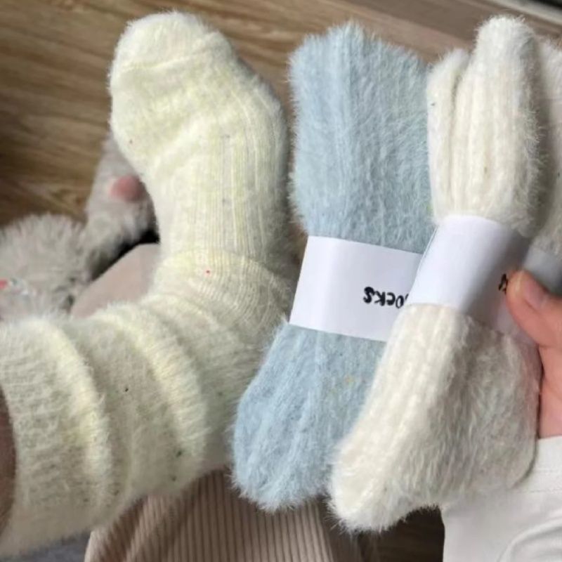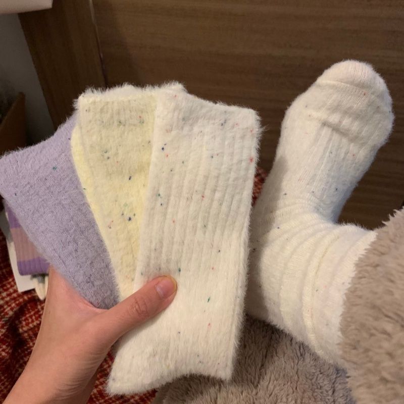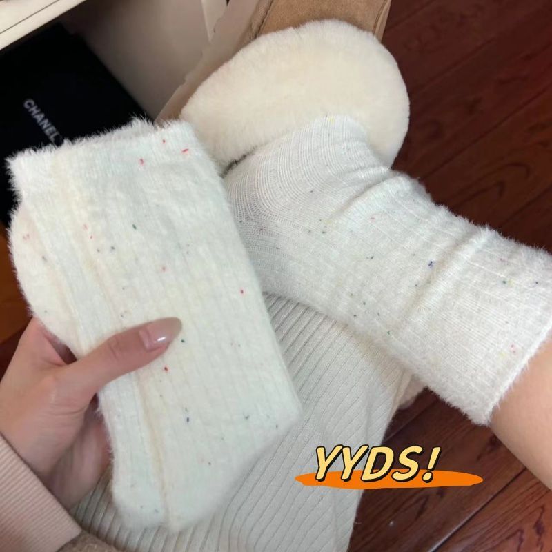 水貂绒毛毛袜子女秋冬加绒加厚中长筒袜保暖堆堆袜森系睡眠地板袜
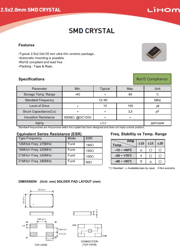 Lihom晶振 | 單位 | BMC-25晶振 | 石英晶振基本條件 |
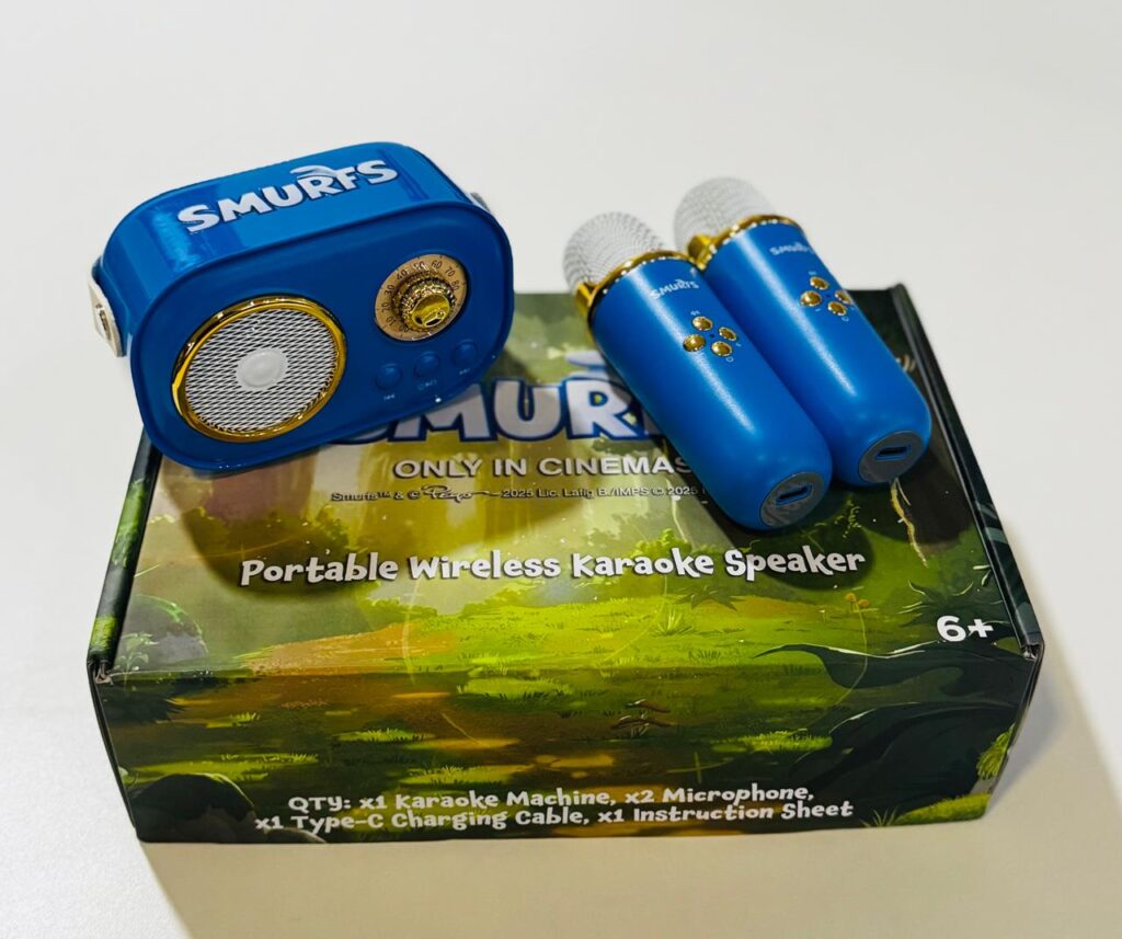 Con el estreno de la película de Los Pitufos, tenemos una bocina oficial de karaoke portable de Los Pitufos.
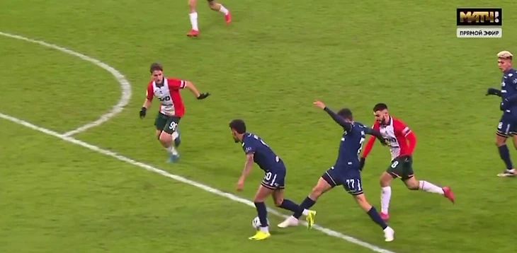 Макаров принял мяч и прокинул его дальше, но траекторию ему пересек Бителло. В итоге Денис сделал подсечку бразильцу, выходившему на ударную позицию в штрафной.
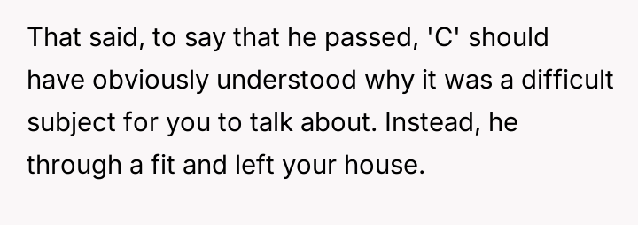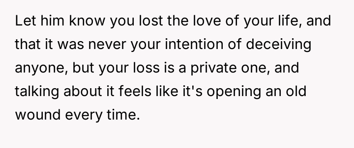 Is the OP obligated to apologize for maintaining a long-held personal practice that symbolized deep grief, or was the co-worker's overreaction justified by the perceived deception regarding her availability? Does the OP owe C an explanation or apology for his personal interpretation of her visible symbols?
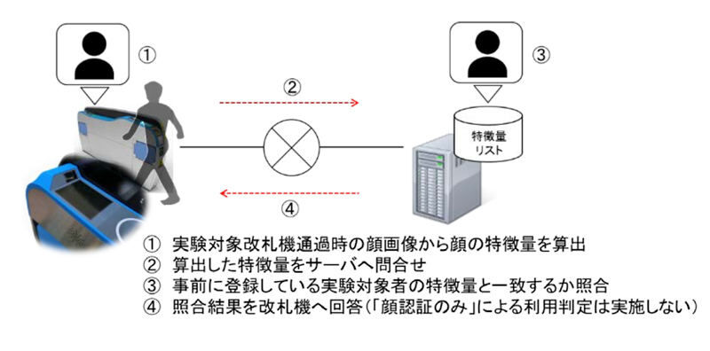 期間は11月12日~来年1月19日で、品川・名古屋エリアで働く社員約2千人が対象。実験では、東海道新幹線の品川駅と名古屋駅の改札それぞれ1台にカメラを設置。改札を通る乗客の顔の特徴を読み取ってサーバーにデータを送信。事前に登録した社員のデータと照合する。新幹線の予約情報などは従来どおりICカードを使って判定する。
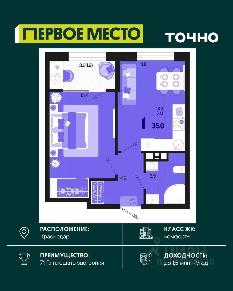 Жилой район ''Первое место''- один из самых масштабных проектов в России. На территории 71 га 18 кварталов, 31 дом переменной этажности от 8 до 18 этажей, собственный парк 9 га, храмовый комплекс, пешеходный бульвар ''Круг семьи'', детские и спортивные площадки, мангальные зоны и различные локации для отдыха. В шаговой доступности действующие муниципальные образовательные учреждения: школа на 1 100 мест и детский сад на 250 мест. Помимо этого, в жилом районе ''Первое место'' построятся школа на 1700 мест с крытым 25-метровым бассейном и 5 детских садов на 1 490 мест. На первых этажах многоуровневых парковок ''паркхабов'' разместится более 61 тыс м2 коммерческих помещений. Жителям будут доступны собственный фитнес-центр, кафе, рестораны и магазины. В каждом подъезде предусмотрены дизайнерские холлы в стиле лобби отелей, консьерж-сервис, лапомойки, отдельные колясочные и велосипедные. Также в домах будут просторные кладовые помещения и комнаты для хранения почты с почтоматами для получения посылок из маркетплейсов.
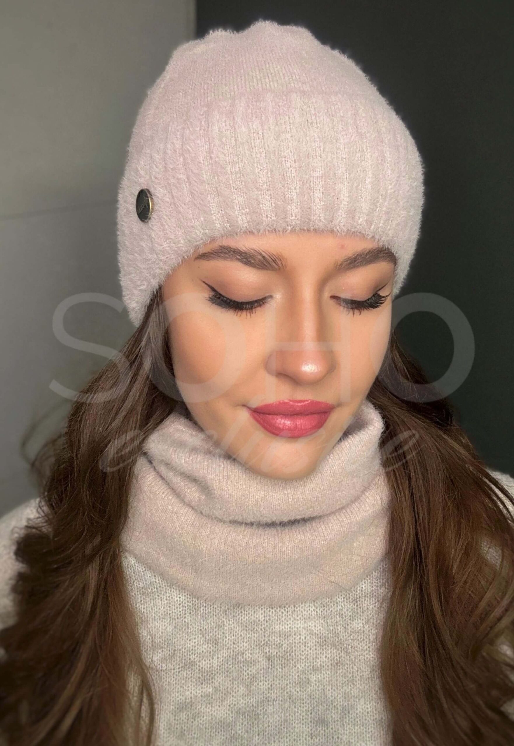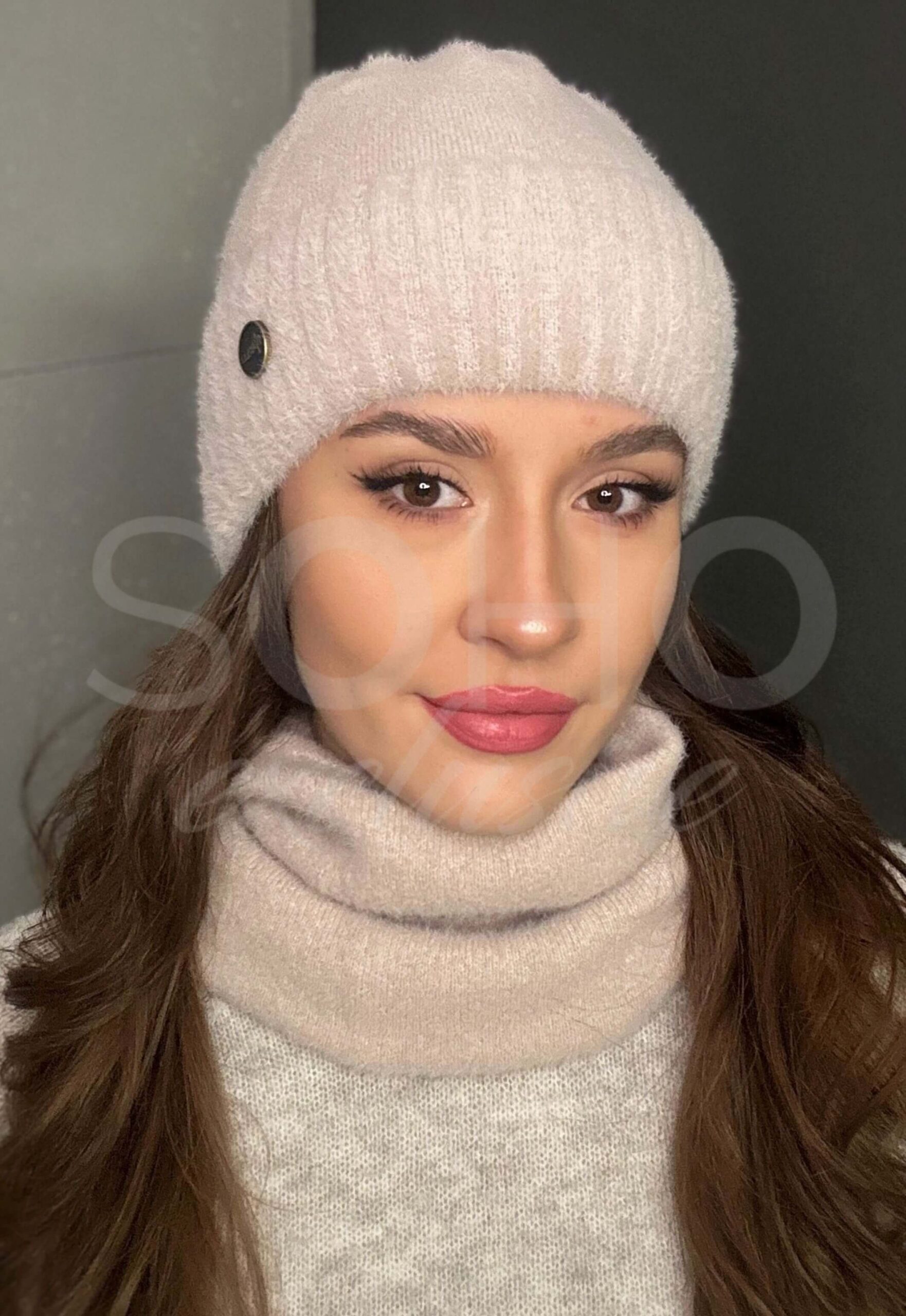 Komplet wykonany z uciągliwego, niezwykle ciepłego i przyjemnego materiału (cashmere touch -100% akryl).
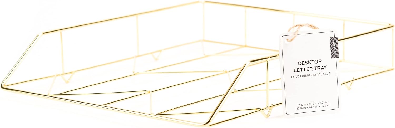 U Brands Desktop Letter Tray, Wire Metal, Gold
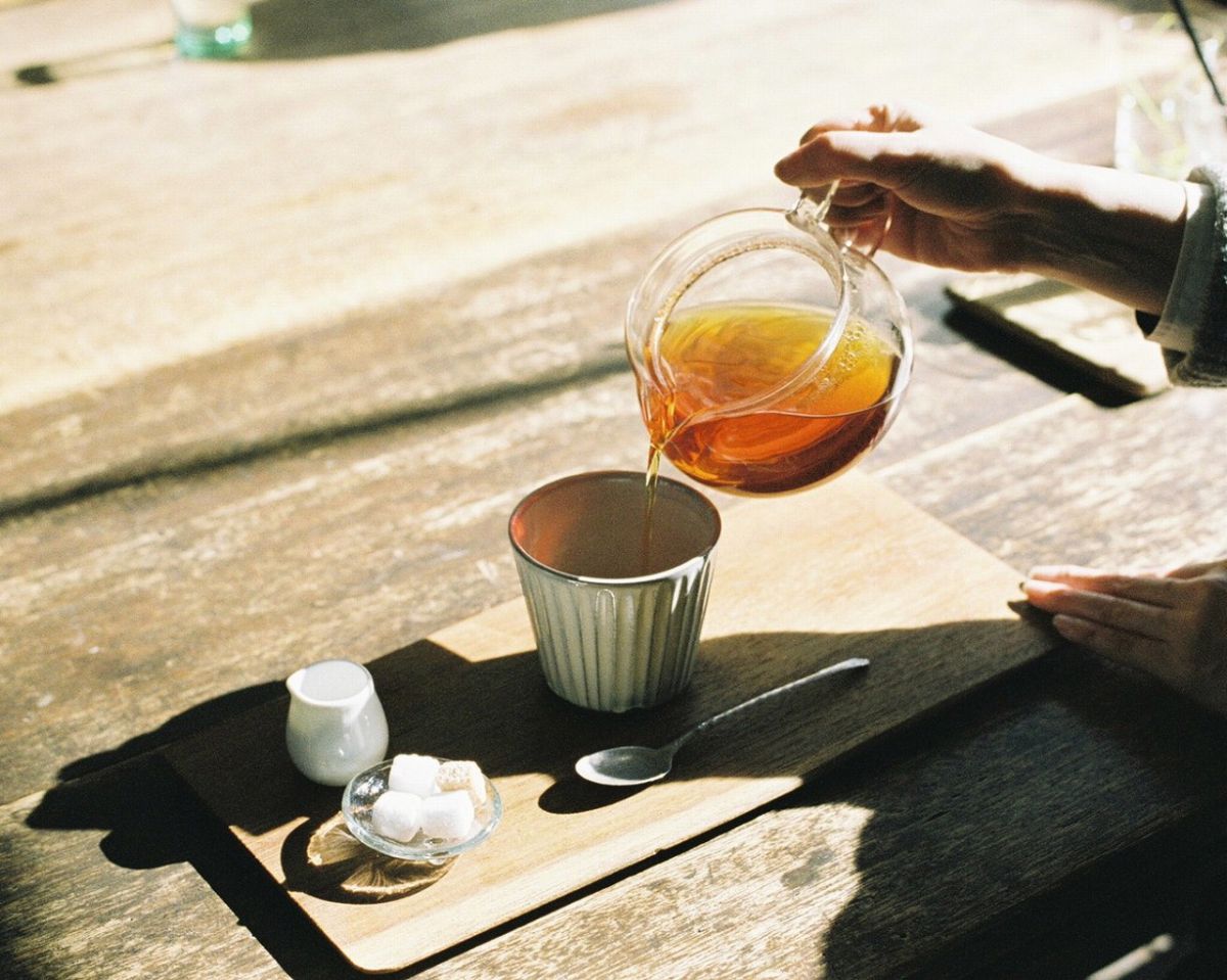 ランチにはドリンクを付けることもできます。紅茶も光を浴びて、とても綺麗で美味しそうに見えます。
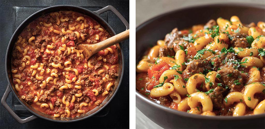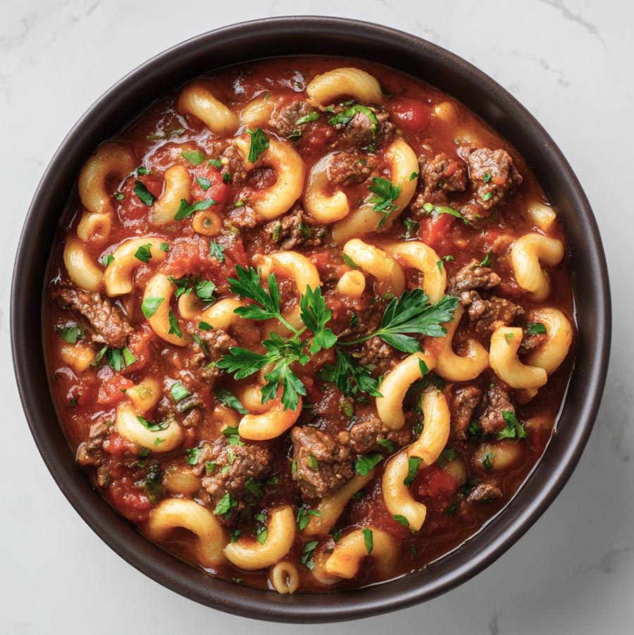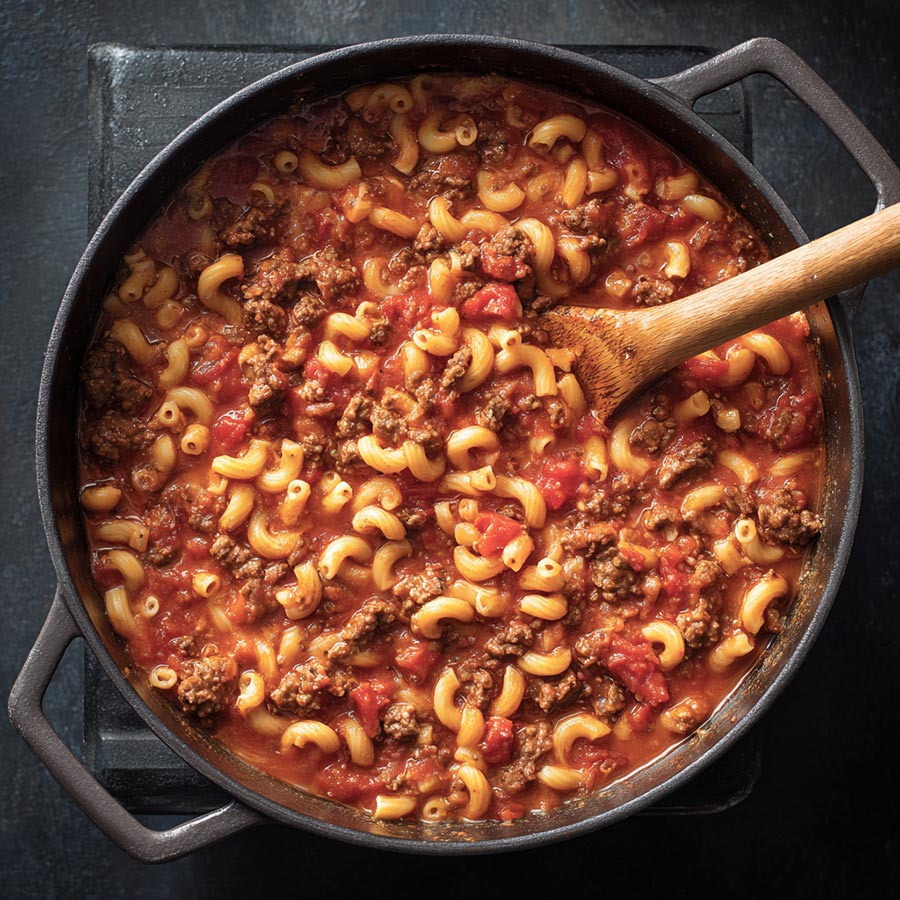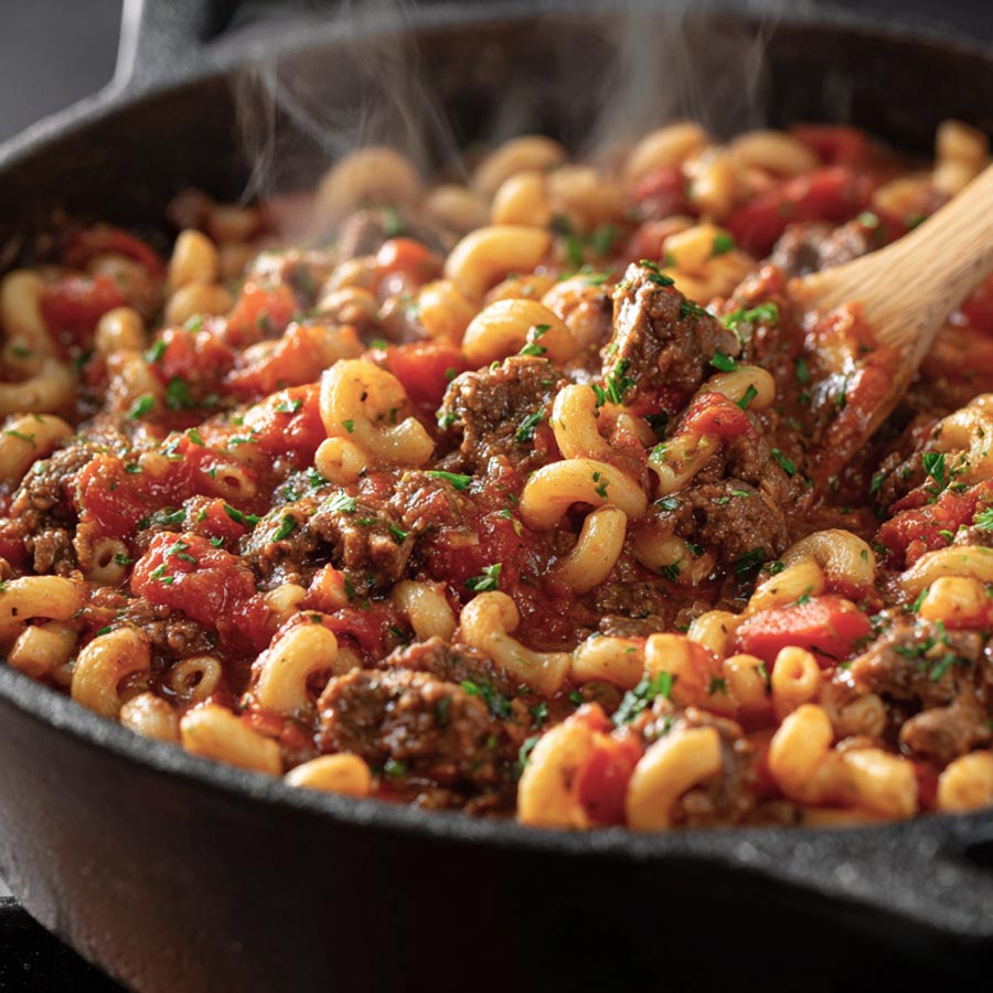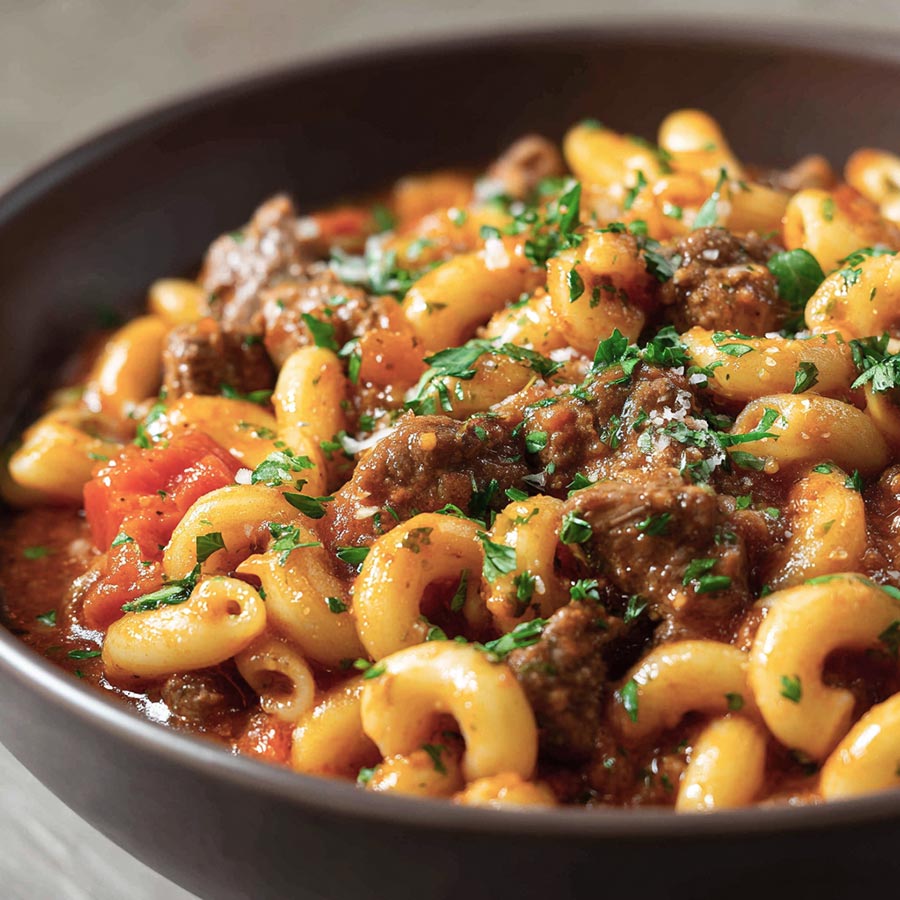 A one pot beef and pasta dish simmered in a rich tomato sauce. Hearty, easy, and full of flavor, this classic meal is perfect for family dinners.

________________

■ Exercise objective
Copy exactly the lines from the first line of the records above through the line with "ランチにはドリンクを付けるこ", both included, and nothing else. Pictures stay out.

■ Your response
 水貂绒毛毛袜子女秋冬加绒加厚中长筒袜保暖堆堆袜森系睡眠地板袜
 Lihom晶振 | 單位 | BMC-25晶振 | 石英晶振基本條件 |
 Con el estreno de la película de Los Pitufos, tenemos una bocina oficial de karaoke portable de Los Pitufos.
 Макаров принял мяч и прокинул его дальше, но траекторию ему пересек Бителло. В итоге Денис сделал подсечку бразильцу, выходившему на ударную позицию в штрафной.
 Is the OP obligated to apologize for maintaining a long-held personal practice that symbolized deep grief, or was the co-worker's overreaction justified by the perceived deception regarding her availability? Does the OP owe C an explanation or apology for his personal interpretation of her visible symbols?
 期間は11月12日~来年1月19日で、品川・名古屋エリアで働く社員約2千人が対象。実験では、東海道新幹線の品川駅と名古屋駅の改札それぞれ1台にカメラを設置。改札を通る乗客の顔の特徴を読み取ってサーバーにデータを送信。事前に登録した社員のデータと照合する。新幹線の予約情報などは従来どおりICカードを使って判定する。
 Жилой район ''Первое место''- один из самых масштабных проектов в России. На территории 71 га 18 кварталов, 31 дом переменной этажности от 8 до 18 этажей, собственный парк 9 га, храмовый комплекс, пешеходный бульвар ''Круг семьи'', детские и спортивные площадки, мангальные зоны и различные локации для отдыха. В шаговой доступности действующие муниципальные образовательные учреждения: школа на 1 100 мест и детский сад на 250 мест. Помимо этого, в жилом районе ''Первое место'' построятся школа на 1700 мест с крытым 25-метровым бассейном и 5 детских садов на 1 490 мест. На первых этажах многоуровневых парковок ''паркхабов'' разместится более 61 тыс м2 коммерческих помещений. Жителям будут доступны собственный фитнес-центр, кафе, рестораны и магазины. В каждом подъезде предусмотрены дизайнерские холлы в стиле лобби отелей, консьерж-сервис, лапомойки, отдельные колясочные и велосипедные. Также в домах будут просторные кладовые помещения и комнаты для хранения почты с почтоматами для получения посылок из маркетплейсов.
 Komplet wykonany z uciągliwego, niezwykle ciepłego i przyjemnego materiału (cashmere touch -100% akryl).
 U Brands Desktop Letter Tray, Wire Metal, Gold
 ランチにはドリンクを付けることもできます。紅茶も光を浴びて、とても綺麗で美味しそうに見えます。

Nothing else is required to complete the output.